VLSI Implementation of FIR Filter for
Discrete Wavelet Transform

Rashmi Patil; Dr.M.T.Kolte

VLSI Implementation of FIR Filter for Discrete Wavelet Transform

Rashmi Patil¹, Dr.M.T.Kolte²

Research Student, Dept. of Electronics, B. D. C. O. E., Sevagram, Wardha, Maharashtra, India
Professor and H .O. D, Dept.of ENTC, M. I. T. C. O. E., Pune, Maharashtra, India

Related article at Pubmed, Scholar Google

Visit for more related articles at International Journal of Advanced Research in Electrical, Electronics and Instrumentation Engineering

Abstract

Digital Signal processing ranks among the most demanding applications of digital design concepts. It is a mature technology domain wherein the demands for enhanced performance and resource utilization have risen exponentially over the years. Finite impulse response (FIR) filters are used in Digital Signal Processing applications.Accuracy in Filter Designing is based on the Multiplication and accumulation of filter coefficients. This paper describes an approach to the VLSI implementation of digital filter which is flexible and provides superior to traditional approaches,low power, and area efficient Discrete Wavelet Transform architecture.

Keywords

Adder,Digital signal processing (DSP), finite impulse response (FIR) filter, Multiplier, six tap Fir Filter, VLSI design

INTRODUCTION

With the growing demand on battery powered mobile computing and communication devices, how to achieve low power dissipation in order to extend battery life becomes a major concern of IC designer. DSP systems are widely used in commuting and communication area. FIR filter is one of the basic element in DSP application. Impulse response can either finite or infinite. The method for designing and implementing these two filter classes differ considerably. FIR filters are digital filter whose response to the unit filter (Unit Sample Function) is finite in duration. This is in contrast to Infinite impulse response (IIR) filters whose response to unit impulse is infinite in duration [1].

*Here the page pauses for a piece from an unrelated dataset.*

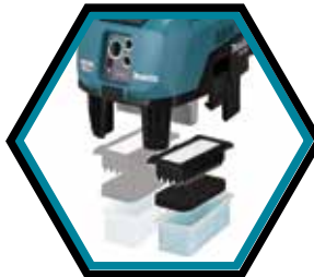
Automatisch selbstreinigende Doppelfilter.

Optionaler Wasserfilter zum Aufsaugen von Flüssigkeit.

FIR and IIR filters each have advantages and disadvantage, and neither is based in all situations. FIR filter can be implemented using either recursive or non-recursive techniques, but usually non recursive technique are used. FIR filters are widely used in DSP systems that are characterized by the extensive sequence of multiplications operations. In some applications, the FIR filter circuit must be able to operate at high sample rates, while in other applications, the FIR filter circuit must be a low power circuit operating at moderate sample rates [3],[4].

Filter Unit is a very important unit in every Discrete Wavelet Transform (DWT) architecture. The rest of the paper is organized as follows. Section two and Section three briefly describes Literature review and Discrete Wavelet Transform. Section four presents Data Dependencies within DWT. Proposed Filter Unit and its Filter cell is described in Section five. Section six presents the Hardware Implementation of Filter Unit. Simulation results are shown in Section seven and conclusions are drawn in Section eight.

II.LITERATURE REVIEW

Design of low power, high throughput FIR filter is hot topic in DSP research area. In recent years various technique for low area, low power FIR design have been proposed [1-2]. Bhardwaj et al., [3] introduce the new measurement, power awareness to indicate the ability of the system energy to scale with changing conditions and quality requirements. Parallel (or block) processing can be applied to digital FIR filters to either increase the effective throughput or reduce the power consumptions of the original filters. While sequential FIR filter implementation has been given extensive configuration that deals with directly reducing the hardware complexity or power consumptions of parallel FIR filters [4]. Selecting multiplier with more hardware breadth rather than death would not only reduce the delay, but also the total power consumptions [5]. There is a novel approach for a design method of low power digital base band processing to optimize the bit-width of each filter coefficients [7]. Data transitions power diminution techniques (DPDT) is also used to reduce dynamic switching power of FIR filter [8].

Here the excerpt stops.